— Exercise objective —
This task asks for the lines from the one with "中期商品趋势榜 | 沥青、液化气空头增强(0109)" to the final line below, repeated exactly, with pictures omitted.

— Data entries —

►

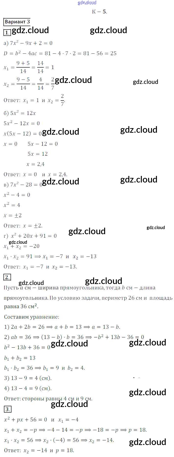 КР №5 Ответы к Контрольным работам по Алгебре 8 класс Дидактические материалы Жохов Просвещение
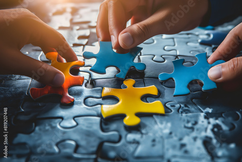 Connecting Colorful Puzzle Pieces by Hand - Teamwork Concept
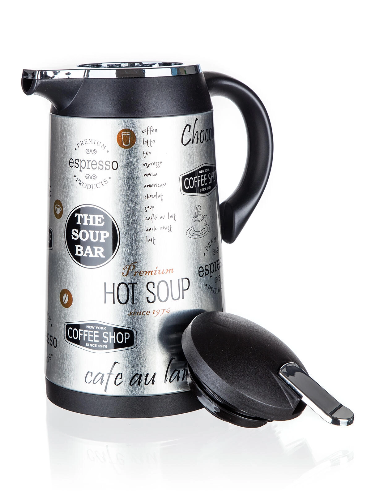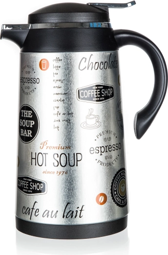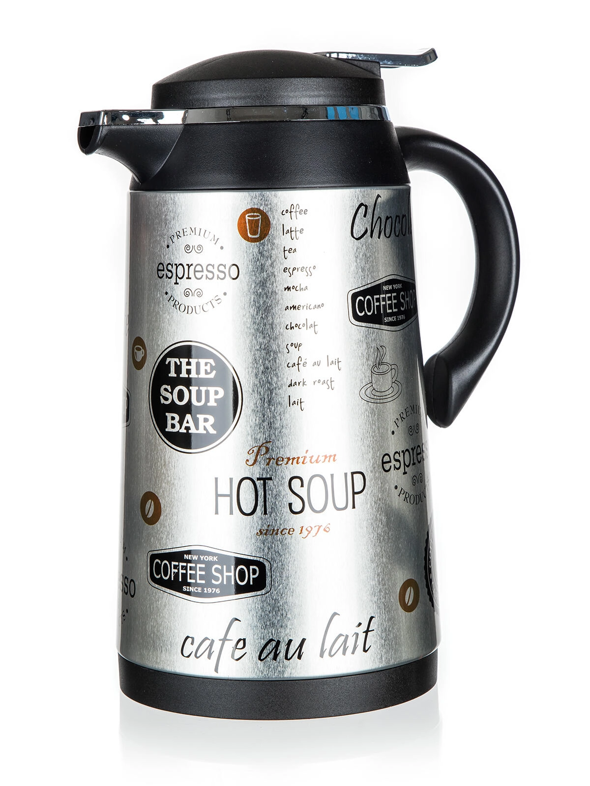 La carafe isotherme CONTE allie praticité et design moderne. Grâce à son ampoule isolante en verre, le café, le thé ou les limonades froides conservent leur température longtemps. Son revêtement en acier inoxydable avec imprimé décoratif apporte robustesse et élégance, tandis que la poignée ergonomique en plastique PP garantit un service confortable et sûr.
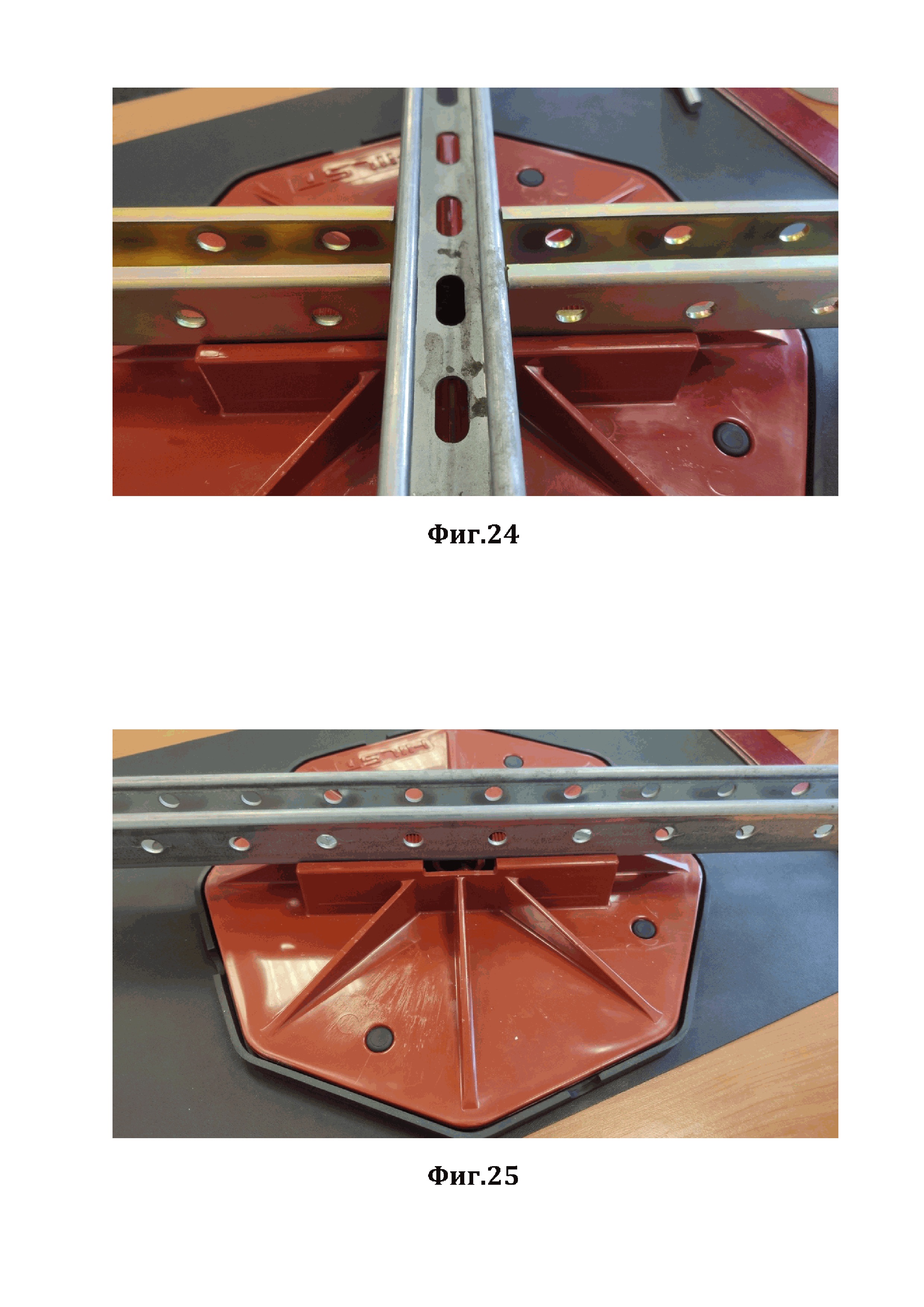 При этом, возможно выполнить монтаж подсистемы без использования дополнительных элементов. Более того, профилированные секции жестко фиксируются к опоре с помощью двух болтовых соединений (см. Фиг.26), что создает надежную монолитную систему, которую можно применять на плоских основаниях или с малыми уклонами без требования выравнивания подсистемы по горизонтали, на высоко нагруженных системах, при больших ветровых нагрузках (высокого риска бокового смещения), для создания фальшполов, а также для создания минимального пространства между основанием и подсистемой.
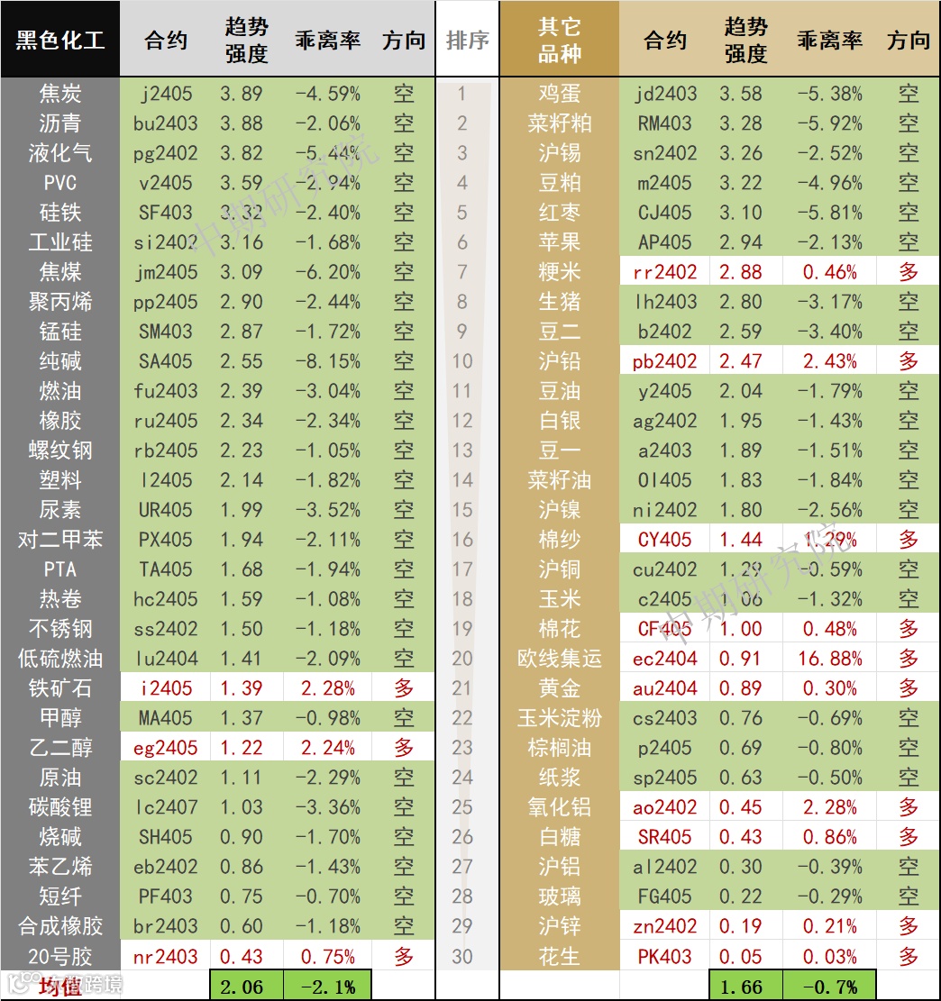 中期商品趋势榜 | 沥青、液化气空头增强(0109)
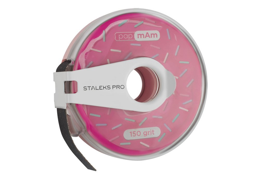 Пластиковый пончик Expert имеет металлическую клипсу и полимерный стоппер, который способствует чёткой фиксации papmAm перед отсоединением. Высота катушки не превышает 38,9 мм, диаметр составляет 104 мм. Пластиковый блок имеет яркий дизайн, в зависимости от гритности абразивной ленты внутри отличается и фон корпуса. Использование пончика Staleks ATC повышает уровень гигиеничности процедур: футляр защищает наждак от загрязнений и попадания пыли. В одном рулоне содержится до 75 одноразовых файлов для пилок, фактическая длина ленты достигает 6 м. Абразив, позволяющий обрабатывать как натуральные, так и нарощенные ногти, представлен в четырех вариантах жесткости: 100, 150, 180 и 240 грит. Высокая прочность полимера, из которого изготовлен пончик Сталекс, допускает многоразовое использование блока, меняя только абразивные ленты.

◄

— Finished task —
 中期商品趋势榜 | 沥青、液化气空头增强(0109)
 Пластиковый пончик Expert имеет металлическую клипсу и полимерный стоппер, который способствует чёткой фиксации papmAm перед отсоединением. Высота катушки не превышает 38,9 мм, диаметр составляет 104 мм. Пластиковый блок имеет яркий дизайн, в зависимости от гритности абразивной ленты внутри отличается и фон корпуса. Использование пончика Staleks ATC повышает уровень гигиеничности процедур: футляр защищает наждак от загрязнений и попадания пыли. В одном рулоне содержится до 75 одноразовых файлов для пилок, фактическая длина ленты достигает 6 м. Абразив, позволяющий обрабатывать как натуральные, так и нарощенные ногти, представлен в четырех вариантах жесткости: 100, 150, 180 и 240 грит. Высокая прочность полимера, из которого изготовлен пончик Сталекс, допускает многоразовое использование блока, меняя только абразивные ленты.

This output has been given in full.